*ABOUT THIS TASK*. When you reach the line containing "When used in" in the records below, start copying exactly, and stop once you have copied the line containing "Корпус: Корпус выполнен".
◆ ◆ ◆
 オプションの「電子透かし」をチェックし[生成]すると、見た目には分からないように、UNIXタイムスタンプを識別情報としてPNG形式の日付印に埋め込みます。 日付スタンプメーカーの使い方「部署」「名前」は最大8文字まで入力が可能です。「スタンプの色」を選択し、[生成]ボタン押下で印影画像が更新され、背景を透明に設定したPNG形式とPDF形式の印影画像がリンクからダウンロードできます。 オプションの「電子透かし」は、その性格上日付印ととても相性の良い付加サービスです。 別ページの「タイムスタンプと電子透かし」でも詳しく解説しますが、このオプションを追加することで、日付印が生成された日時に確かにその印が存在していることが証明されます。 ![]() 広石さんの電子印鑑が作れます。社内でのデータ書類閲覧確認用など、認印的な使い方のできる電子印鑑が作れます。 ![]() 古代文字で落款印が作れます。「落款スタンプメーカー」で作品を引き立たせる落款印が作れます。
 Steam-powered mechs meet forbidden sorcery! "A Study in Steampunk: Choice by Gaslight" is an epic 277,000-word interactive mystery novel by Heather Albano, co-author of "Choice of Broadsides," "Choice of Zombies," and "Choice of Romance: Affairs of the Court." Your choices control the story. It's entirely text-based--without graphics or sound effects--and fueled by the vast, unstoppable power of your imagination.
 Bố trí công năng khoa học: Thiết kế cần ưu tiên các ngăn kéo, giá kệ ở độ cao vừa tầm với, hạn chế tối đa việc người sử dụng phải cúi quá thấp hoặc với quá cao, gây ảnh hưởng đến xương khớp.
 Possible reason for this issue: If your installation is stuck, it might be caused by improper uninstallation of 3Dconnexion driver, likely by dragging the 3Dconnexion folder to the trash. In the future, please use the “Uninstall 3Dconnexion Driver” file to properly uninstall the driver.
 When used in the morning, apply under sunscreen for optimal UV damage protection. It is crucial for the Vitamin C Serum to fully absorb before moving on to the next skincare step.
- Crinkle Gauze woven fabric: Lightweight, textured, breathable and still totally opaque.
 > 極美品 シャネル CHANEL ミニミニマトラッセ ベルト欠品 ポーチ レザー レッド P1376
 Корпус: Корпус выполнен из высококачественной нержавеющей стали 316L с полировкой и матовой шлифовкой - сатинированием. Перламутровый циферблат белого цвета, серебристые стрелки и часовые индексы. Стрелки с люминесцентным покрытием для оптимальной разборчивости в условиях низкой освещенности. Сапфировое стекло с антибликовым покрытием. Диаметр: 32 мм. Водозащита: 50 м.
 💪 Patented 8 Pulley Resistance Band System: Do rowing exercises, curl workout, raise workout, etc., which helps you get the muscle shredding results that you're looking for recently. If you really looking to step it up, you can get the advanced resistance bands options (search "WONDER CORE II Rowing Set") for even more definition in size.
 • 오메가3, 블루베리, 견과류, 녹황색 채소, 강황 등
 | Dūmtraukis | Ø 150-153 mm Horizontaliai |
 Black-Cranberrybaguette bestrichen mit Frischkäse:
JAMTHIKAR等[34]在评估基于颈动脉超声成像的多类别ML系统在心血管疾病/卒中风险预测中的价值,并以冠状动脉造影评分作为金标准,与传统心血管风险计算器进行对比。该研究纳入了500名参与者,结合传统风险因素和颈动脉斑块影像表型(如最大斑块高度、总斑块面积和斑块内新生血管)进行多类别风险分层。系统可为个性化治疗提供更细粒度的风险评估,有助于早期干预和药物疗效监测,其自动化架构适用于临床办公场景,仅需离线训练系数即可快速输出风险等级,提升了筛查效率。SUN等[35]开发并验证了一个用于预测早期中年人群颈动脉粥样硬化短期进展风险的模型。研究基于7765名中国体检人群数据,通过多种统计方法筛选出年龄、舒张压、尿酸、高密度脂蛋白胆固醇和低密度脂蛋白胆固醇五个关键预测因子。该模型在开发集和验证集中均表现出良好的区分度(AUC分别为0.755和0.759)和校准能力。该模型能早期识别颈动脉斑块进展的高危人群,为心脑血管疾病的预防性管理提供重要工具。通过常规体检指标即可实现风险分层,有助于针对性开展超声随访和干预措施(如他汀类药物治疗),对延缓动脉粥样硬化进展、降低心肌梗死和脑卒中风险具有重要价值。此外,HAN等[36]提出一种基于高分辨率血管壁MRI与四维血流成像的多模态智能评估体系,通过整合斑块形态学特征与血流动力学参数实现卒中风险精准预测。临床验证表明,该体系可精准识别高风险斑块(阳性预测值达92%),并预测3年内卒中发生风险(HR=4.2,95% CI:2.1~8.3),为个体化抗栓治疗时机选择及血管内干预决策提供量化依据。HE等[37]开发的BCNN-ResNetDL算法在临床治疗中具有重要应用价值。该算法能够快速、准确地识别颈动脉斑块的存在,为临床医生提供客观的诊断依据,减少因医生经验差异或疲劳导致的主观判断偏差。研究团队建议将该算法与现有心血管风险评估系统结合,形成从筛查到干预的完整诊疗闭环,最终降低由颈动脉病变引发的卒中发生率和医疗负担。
◆ ◆ ◆
*OUTPUT OF THE EXERCISE*.
 When used in the morning, apply under sunscreen for optimal UV damage protection. It is crucial for the Vitamin C Serum to fully absorb before moving on to the next skincare step.
- Crinkle Gauze woven fabric: Lightweight, textured, breathable and still totally opaque.
 > 極美品 シャネル CHANEL ミニミニマトラッセ ベルト欠品 ポーチ レザー レッド P1376
 Корпус: Корпус выполнен из высококачественной нержавеющей стали 316L с полировкой и матовой шлифовкой - сатинированием. Перламутровый циферблат белого цвета, серебристые стрелки и часовые индексы. Стрелки с люминесцентным покрытием для оптимальной разборчивости в условиях низкой освещенности. Сапфировое стекло с антибликовым покрытием. Диаметр: 32 мм. Водозащита: 50 м.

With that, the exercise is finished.